The final index value is within the range of 0 to 1, where 0 is the lowest state and 1 the highest possible state of country development. HDI is more and more used as a quality of life indicator, as it reflects combination of economic and social indicators. Changes in the HDI reporting methodology have meant that the new index values were incomparable to index values reached by states under the old methodology. Therefore, re-calculated index values for each country based on the new methodology are listed in reports of 2012 and 2013.

As the name of another indicator suggests, the GCI is focused on the economy’s ability of to succeed in international competition. Since 2004 it has been presented by the World Economic Forum (WEF). In the past the GCI and the Current Competitiveness Index (CCI) have been reported. In 2007 the methodology for calculating the index of global competitiveness was changed and for the purpose to evaluate the inter-annual changes the 2006 year’s results were calculated by a new method. The GCI index assesses the competitive environment in the reporting countries of the world on the basis of their ability to assure sustainable economic growth and a high level of prosperity for their citizens, the microeconomic and macroeconomic factors of competitiveness are part of it.
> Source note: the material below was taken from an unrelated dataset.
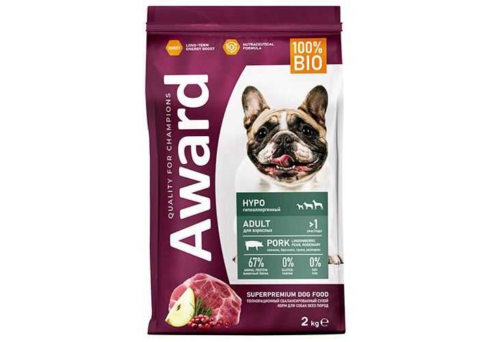Сухой корм AWARD HYPO для взрослых собак всех пород со свининой с добавлением брусники, груши и розмарина 2 кг.
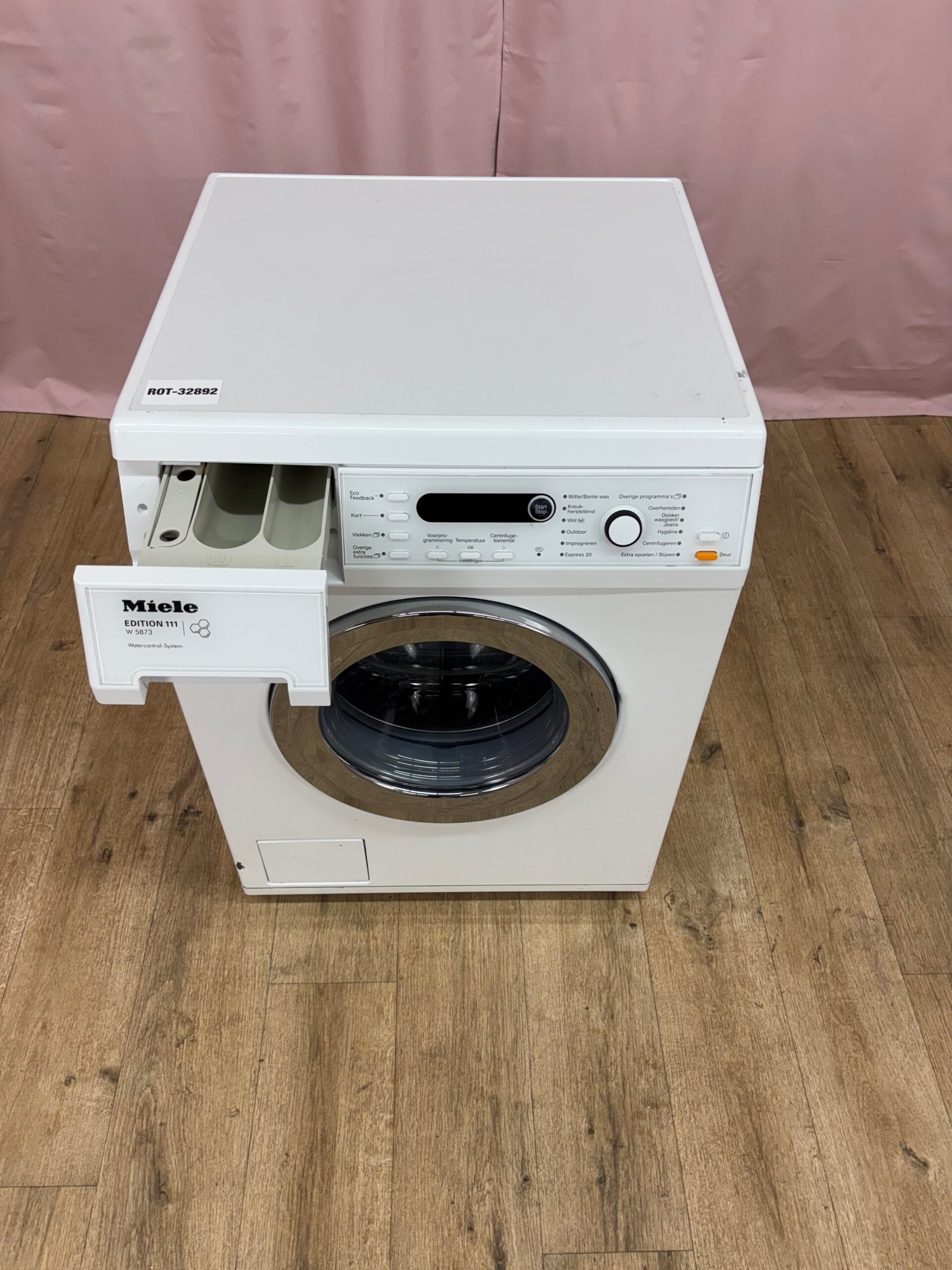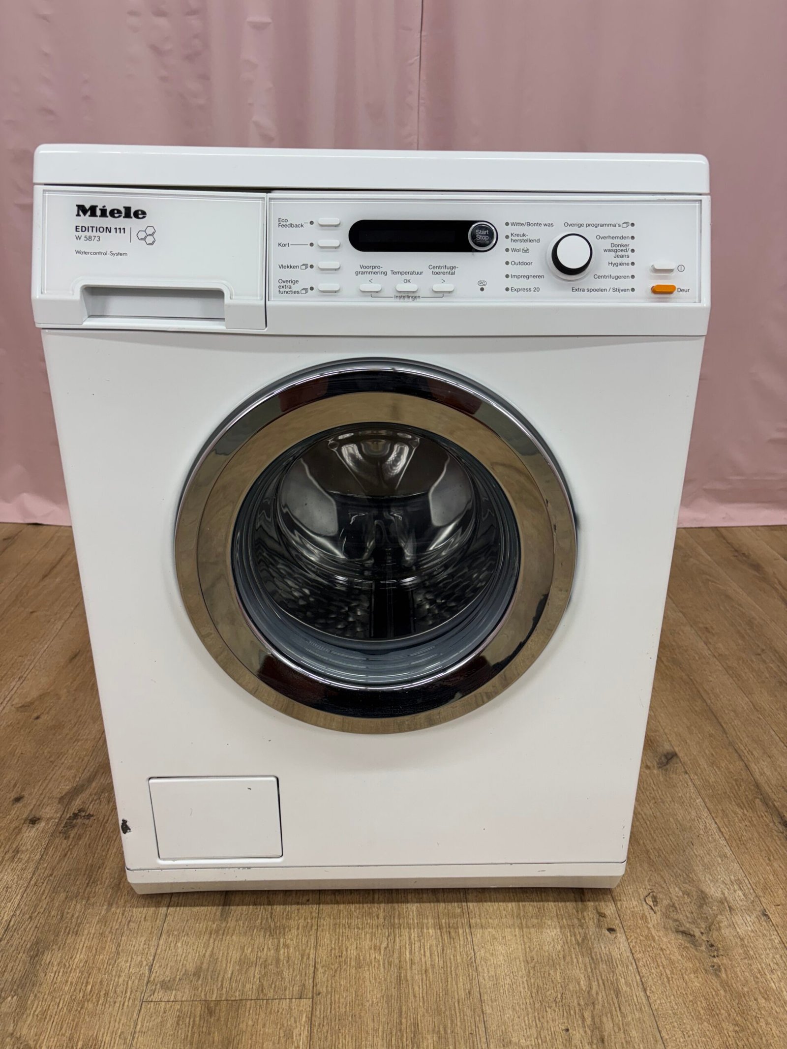 Cette Miele W5873 Edition 111 est un appareil robuste et performant qui reçoit jusqu’à 8 kg de linge. Son tambour alvéolé SoftCare protège les fibres et la vitesse d’essorage de 1 600 tr/min garantit un linge bien égoutté. Le moteur sans balais réduit le bruit et l’usure, tandis qu’un détecteur de mousse ajuste la durée du cycle si une surdosage est détecté. Le système AquaSecure coupe automatiquement l’alimentation en cas de fuite. Avec un départ différé, un affichage du temps restant et de nombreux programmes (coton, mixte, délicat), cette machine répond à toutes les situations. Elle est classée A+++ selon l’ancienne étiquette. Ses dimensions sont 85 × 59,5 × 58 cm pour un poids d’environ 80 kg.

GCI consists of 12 pillars of competitiveness, which are classified into three sub-indices according to whether their growth is based on the factors of production, efficiency and innovation (Figure ). Each of these pillars consists of between seven and 20 sub-indicators. Some sub-indicators are evaluated on the basis of available statistical data; others are the result of the Global Executive Opinion Survey. The GCI assesses national competitiveness, while in pillars and sub-indices there are indicators of macro-economic character, which primarily do not reflect the competitiveness at the micro level, however legal competitive businesses creates national competitiveness. In literature we find the views of experts who do not consider this index as a relevant indicator for evaluating the competitiveness of national economies. For example, Krugman (Citation1994), underlines that labour productivity is to be the basic criterion of economic competition among states. A failure of the company in terms of competitiveness is its leaving the market, but unsuccessful national economies do not leave the market. Under very adverse circumstances states may be facing bankruptcy due to the accumulation of external debt in foreign currency. Habánik and Hostak (Citation2014) argue that this critical view has never been dominant, and the competitiveness category is generally used to assess and promote the economic policies of states such as the Lisbon Strategy, Europe 2020.
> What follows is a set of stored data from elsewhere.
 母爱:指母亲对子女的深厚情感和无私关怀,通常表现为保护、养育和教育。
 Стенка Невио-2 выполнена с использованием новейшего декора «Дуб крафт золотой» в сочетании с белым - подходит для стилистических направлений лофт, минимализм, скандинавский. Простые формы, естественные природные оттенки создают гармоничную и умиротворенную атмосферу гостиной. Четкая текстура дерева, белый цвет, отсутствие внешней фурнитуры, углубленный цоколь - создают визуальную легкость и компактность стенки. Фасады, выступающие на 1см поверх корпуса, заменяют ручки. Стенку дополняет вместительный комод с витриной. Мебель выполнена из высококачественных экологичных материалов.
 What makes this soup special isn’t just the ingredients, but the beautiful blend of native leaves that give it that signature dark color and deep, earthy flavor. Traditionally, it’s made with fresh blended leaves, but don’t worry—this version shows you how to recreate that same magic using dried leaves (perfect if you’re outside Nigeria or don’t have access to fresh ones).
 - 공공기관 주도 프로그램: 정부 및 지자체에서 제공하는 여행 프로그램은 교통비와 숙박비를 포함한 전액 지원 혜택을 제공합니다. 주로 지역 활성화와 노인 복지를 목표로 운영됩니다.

Figure 1. GDP per capita in V4 countries (current prices, euro per capita). Source: Authors’ elaboration, based on the Eurostat data (Citation2015), ESA 2010, in Poland: estimated SR – Slovak Republic, CR – Czech Republic.

Figure 1. GDP per capita in V4 countries (current prices, euro per capita). Source: Authors’ elaboration, based on the Eurostat data (Citation2015), ESA 2010, in Poland: estimated SR – Slovak Republic, CR – Czech Republic.

Economic freedom is closely related to economic growth. Ismail and Hook (Citation2012) argued that there are interactions between economic freedom, income inequality and economic growth. The empirical results reveal that economic freedom and income inequality are statistically significant determinants of economic growth. Improvements in both economic freedom and income equality lead to economic growth.

The Index of Economic Freedom The IEF is an indicator published annually by the US-based Heritage Foundation in cooperation with the editorial staff of the Wall Street Journal newspaper. This indicator has been published since 1995; it assesses the level of economic freedom in 177 countries. The Heritage Foundation (Citation2015) defines economic freedom as the fundamental right of every human to control his or her own labor and property. The IEF is compiled on the basis of 10 categories: property rights, level of corruption, tax burden, government expenditure, business environment, labour market, monetary stability, international trade, investment conditions, and financial sector.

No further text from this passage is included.